It is known that the elements in the first row of the fourth-order determinant D are 1,2,0, - 4 respectively, and the remainder of the third row is 6, x, 19, 2 in turn. Try to find the root of X

It is known that the elements in the first row of the fourth-order determinant D are 1,2,0, - 4 respectively, and the remainder of the third row is 6, x, 19, 2 in turn.

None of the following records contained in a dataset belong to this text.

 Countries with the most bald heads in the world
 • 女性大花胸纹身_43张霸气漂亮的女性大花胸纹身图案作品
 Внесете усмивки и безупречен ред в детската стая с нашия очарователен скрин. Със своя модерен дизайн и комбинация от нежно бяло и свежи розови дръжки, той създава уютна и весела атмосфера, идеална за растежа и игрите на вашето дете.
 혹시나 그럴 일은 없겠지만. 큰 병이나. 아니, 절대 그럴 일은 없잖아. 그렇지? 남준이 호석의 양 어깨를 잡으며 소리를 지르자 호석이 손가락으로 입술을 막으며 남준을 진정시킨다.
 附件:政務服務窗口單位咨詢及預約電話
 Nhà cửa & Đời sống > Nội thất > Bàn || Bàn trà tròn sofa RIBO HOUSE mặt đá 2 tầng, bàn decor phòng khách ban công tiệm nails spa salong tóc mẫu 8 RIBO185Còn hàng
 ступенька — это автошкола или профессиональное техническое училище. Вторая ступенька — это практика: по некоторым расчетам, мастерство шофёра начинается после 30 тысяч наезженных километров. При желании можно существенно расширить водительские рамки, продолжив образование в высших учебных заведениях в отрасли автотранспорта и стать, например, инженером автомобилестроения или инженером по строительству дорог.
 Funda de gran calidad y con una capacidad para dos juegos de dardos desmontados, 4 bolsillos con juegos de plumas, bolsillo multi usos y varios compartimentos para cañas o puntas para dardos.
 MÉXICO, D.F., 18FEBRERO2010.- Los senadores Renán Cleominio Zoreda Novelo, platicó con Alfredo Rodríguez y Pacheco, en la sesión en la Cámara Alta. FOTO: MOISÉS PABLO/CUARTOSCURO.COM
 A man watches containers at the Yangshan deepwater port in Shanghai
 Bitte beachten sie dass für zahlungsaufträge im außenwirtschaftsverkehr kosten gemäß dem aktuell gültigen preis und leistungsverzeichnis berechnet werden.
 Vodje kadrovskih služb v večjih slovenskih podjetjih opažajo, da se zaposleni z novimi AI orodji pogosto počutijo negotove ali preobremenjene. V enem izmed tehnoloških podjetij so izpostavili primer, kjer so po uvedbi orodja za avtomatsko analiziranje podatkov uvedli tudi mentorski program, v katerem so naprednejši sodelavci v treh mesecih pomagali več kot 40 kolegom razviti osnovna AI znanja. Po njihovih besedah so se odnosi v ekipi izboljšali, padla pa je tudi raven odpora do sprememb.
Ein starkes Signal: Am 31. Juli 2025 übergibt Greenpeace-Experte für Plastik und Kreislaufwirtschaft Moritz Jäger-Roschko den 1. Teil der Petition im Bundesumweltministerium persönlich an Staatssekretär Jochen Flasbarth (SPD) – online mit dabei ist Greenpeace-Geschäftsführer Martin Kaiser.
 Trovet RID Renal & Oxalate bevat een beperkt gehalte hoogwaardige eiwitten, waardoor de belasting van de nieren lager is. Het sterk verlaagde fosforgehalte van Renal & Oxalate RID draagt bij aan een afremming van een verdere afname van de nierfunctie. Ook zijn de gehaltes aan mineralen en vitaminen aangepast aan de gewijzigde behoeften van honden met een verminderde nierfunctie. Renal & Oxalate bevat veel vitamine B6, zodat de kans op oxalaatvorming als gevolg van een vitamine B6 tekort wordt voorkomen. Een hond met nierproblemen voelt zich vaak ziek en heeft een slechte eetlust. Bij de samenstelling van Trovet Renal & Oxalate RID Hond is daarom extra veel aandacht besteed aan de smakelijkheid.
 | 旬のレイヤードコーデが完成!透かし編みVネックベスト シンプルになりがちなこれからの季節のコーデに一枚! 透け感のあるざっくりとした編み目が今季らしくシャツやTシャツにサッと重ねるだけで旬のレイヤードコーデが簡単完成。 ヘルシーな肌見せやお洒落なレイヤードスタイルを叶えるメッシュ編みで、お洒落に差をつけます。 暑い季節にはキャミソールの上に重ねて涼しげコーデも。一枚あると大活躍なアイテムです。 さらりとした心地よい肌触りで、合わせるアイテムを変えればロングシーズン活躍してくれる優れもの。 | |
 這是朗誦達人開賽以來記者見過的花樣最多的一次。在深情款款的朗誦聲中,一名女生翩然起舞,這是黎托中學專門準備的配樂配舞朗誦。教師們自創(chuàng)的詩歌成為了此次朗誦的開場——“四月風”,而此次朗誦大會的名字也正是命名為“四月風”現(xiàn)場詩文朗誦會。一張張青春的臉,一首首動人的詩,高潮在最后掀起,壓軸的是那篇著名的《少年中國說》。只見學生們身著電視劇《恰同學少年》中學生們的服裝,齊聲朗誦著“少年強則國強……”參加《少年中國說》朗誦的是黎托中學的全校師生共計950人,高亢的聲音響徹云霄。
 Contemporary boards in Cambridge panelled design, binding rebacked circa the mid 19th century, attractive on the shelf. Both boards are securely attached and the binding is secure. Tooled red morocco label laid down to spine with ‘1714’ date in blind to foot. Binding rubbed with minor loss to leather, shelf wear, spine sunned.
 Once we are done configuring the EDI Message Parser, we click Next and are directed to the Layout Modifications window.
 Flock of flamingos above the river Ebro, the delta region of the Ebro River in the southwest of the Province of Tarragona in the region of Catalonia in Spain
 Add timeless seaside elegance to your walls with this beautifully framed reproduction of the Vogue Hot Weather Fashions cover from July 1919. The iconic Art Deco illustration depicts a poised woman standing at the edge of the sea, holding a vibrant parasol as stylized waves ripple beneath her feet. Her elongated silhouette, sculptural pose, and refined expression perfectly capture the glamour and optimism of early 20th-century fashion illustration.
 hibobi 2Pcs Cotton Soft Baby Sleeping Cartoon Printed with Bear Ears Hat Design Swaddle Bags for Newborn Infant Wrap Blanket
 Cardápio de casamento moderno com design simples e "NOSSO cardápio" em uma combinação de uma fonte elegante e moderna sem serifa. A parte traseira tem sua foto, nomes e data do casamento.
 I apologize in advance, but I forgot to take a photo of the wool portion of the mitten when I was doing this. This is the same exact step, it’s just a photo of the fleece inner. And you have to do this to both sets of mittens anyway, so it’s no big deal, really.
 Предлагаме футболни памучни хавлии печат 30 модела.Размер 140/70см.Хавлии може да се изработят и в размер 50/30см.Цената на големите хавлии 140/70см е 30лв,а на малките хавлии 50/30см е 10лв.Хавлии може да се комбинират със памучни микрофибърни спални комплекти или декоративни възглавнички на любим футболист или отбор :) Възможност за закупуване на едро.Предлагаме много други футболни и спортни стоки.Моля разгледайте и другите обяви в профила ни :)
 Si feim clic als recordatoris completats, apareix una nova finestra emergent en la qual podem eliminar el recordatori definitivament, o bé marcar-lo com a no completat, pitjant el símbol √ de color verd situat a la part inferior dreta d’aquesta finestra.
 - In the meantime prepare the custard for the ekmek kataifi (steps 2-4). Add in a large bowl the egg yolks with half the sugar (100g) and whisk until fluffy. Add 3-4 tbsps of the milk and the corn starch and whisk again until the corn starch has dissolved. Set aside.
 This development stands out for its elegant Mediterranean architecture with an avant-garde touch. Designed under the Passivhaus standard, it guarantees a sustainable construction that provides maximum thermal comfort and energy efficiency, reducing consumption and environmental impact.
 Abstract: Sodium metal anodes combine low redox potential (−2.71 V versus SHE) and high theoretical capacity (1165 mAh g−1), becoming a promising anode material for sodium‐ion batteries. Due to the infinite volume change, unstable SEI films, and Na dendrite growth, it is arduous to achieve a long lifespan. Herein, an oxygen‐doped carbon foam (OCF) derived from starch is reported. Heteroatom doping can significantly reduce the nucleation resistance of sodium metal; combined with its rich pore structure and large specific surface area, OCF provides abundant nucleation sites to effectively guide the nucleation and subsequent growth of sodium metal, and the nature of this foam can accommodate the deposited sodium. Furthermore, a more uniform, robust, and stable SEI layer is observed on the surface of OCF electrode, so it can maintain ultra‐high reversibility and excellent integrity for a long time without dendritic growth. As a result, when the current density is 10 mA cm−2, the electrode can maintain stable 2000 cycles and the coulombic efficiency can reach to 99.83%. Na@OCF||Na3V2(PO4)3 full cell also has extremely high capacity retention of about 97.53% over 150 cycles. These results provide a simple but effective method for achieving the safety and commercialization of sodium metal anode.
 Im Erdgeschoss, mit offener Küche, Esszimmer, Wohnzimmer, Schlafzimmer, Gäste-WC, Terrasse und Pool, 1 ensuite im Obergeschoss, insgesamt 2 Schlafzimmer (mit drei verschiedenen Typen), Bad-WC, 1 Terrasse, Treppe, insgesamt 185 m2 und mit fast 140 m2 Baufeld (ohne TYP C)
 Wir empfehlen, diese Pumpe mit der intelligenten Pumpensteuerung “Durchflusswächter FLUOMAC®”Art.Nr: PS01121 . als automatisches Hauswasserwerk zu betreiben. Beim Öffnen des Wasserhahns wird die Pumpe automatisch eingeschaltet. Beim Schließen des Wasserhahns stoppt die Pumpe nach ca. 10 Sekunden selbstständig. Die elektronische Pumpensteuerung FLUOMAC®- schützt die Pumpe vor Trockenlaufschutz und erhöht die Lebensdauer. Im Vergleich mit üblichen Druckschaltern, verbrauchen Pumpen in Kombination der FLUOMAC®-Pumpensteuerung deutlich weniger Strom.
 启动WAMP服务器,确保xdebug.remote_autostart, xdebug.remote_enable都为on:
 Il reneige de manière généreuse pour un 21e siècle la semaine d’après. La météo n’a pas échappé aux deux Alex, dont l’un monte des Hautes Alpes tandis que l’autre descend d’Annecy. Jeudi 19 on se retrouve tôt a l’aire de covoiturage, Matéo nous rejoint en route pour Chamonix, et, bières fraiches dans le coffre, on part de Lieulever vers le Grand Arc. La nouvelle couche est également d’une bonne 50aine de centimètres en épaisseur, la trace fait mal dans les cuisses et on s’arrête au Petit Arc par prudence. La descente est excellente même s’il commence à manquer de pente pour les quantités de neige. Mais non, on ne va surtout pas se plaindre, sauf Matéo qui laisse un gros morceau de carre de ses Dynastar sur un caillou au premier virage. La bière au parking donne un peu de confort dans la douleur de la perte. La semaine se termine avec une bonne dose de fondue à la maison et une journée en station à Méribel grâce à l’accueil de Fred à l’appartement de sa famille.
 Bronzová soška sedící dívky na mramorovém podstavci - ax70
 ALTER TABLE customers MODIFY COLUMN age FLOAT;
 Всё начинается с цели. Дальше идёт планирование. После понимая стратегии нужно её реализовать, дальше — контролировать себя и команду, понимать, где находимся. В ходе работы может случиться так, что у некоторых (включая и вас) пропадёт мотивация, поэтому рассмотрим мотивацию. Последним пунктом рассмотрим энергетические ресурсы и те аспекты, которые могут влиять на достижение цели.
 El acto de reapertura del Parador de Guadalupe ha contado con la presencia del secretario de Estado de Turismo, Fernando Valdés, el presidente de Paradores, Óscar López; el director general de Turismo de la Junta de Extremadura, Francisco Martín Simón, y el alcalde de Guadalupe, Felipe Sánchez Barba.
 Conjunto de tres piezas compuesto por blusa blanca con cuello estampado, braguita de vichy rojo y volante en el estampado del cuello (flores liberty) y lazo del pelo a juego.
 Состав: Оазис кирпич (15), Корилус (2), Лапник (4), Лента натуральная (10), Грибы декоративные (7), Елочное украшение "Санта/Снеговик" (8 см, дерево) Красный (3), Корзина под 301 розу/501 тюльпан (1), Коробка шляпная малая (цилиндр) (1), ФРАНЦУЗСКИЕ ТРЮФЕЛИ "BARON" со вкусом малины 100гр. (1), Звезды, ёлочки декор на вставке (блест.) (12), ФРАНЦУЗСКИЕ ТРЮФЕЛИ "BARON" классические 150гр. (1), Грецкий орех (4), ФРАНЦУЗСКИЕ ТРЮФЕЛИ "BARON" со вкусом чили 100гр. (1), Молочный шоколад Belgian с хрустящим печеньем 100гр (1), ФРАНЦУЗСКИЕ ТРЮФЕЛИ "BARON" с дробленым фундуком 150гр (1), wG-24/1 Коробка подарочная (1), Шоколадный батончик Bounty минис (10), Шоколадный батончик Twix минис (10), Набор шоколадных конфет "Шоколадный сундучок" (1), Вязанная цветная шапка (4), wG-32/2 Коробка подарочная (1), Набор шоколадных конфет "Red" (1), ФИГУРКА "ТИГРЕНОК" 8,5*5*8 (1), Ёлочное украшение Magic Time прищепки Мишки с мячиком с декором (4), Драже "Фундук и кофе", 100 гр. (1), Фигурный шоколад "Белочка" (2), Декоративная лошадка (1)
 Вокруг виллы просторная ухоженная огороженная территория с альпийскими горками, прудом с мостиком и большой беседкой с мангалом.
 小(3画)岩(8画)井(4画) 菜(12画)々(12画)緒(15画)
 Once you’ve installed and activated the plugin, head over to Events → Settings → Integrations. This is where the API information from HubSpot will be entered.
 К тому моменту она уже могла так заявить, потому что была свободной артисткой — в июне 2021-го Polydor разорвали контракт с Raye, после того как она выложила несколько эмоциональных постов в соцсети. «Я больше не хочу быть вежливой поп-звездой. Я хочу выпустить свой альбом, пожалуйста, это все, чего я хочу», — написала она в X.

Try to find the root of X

Related corollaries of determinant expansion theorem: the sum of the elements in one row multiplied by the algebraic cofactors of the elements in another row is equal to 0
So there are:
1*6 + 2X + 0*19 -4*2 = 0
The solution is x = 1

Determinant d = | 1,2,3,4 | 2,3,4,1 | 3,4,1,2 | 4,1,2,3|
Calculate the following determinant
First line 1,2,3,4
Second line 2,3,4,1
The third line is 3,4,1,2
The fourth line is 4,1,2,3

Step 1: add columns 2, 3 and 4 to column 1, propose the common factor 10 of column 1, and change it into
1 2 3 4
1 3 4 1
1 4 1 2
1 1 2 3
Step 2: multiply the first line by - 1 and add it to the other lines
1 2 3 4
0 1 1 -3
0 2 -2 -2
0 -1 -1 -1
Step 3: R3 - 2r1, R4 + R1
1 2 3 4
0 1 1 -3
0 0 -4 4
0 0 0 -4
So determinant = 10 * (- 4) * (- 4) = 160
Please accept if you are satisfied^_^

Integers smaller than 1 are arranged as follows: first column, second column, third column, fourth column
Integers smaller than 1 are arranged as follows:
First column second column third column fourth column
－2 －3 －4 －5
－9 －8 －7 －6
－10 －11 －12 －13
－17 －16 －15 －14
............
In the above numbers, observe their rules and answer which column is the number - 100?

The fourth column, 100 / 4 equal to 25, belongs to 2,3,4,5. Just divide, so it's the fourth column, give points!